• _Provided material_:
______

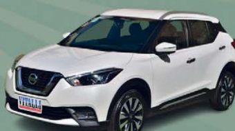
KICKS SL 1.6 FLEX CVT 2020
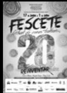
20.000 Flyers PB impressos A5
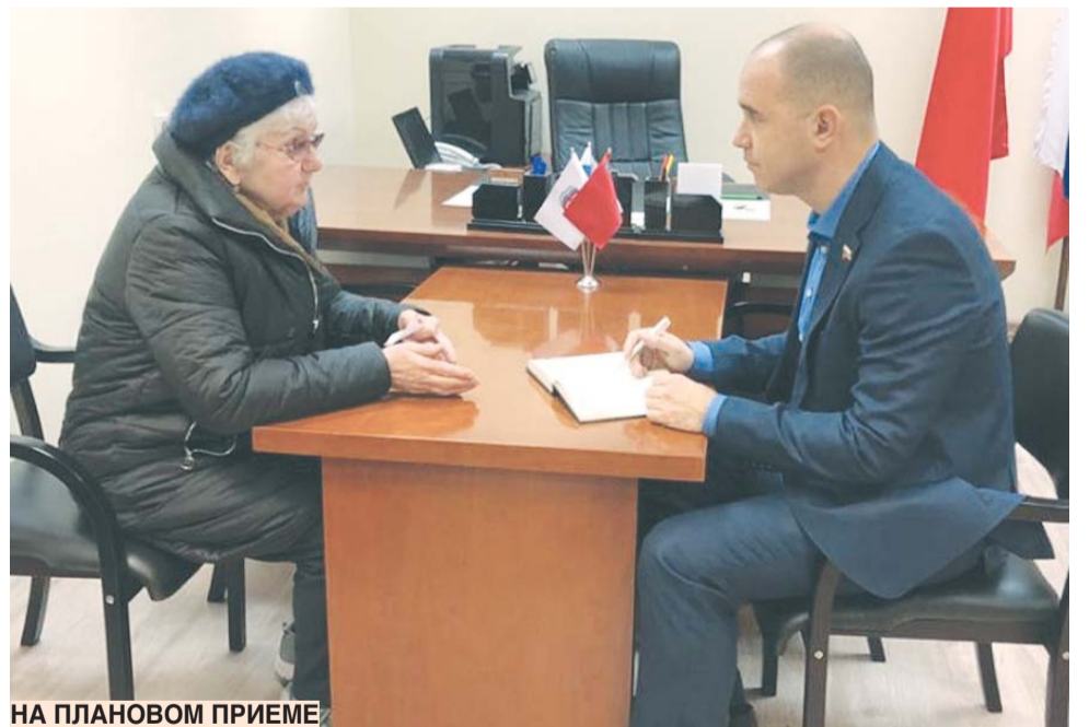
НА ПЛАНОВОМ ПРИЕМЕ

– Чего бы пожелали своим избирателям в наступившем 2022-м году?

______

• _What you should do_:
The answer is the listing above restated word for word, pictures removed.

• _Exercise result_:
KICKS SL 1.6 FLEX CVT 2020
20.000 Flyers PB impressos A5
НА ПЛАНОВОМ ПРИЕМЕ

– Чего бы пожелали своим избирателям в наступившем 2022-м году?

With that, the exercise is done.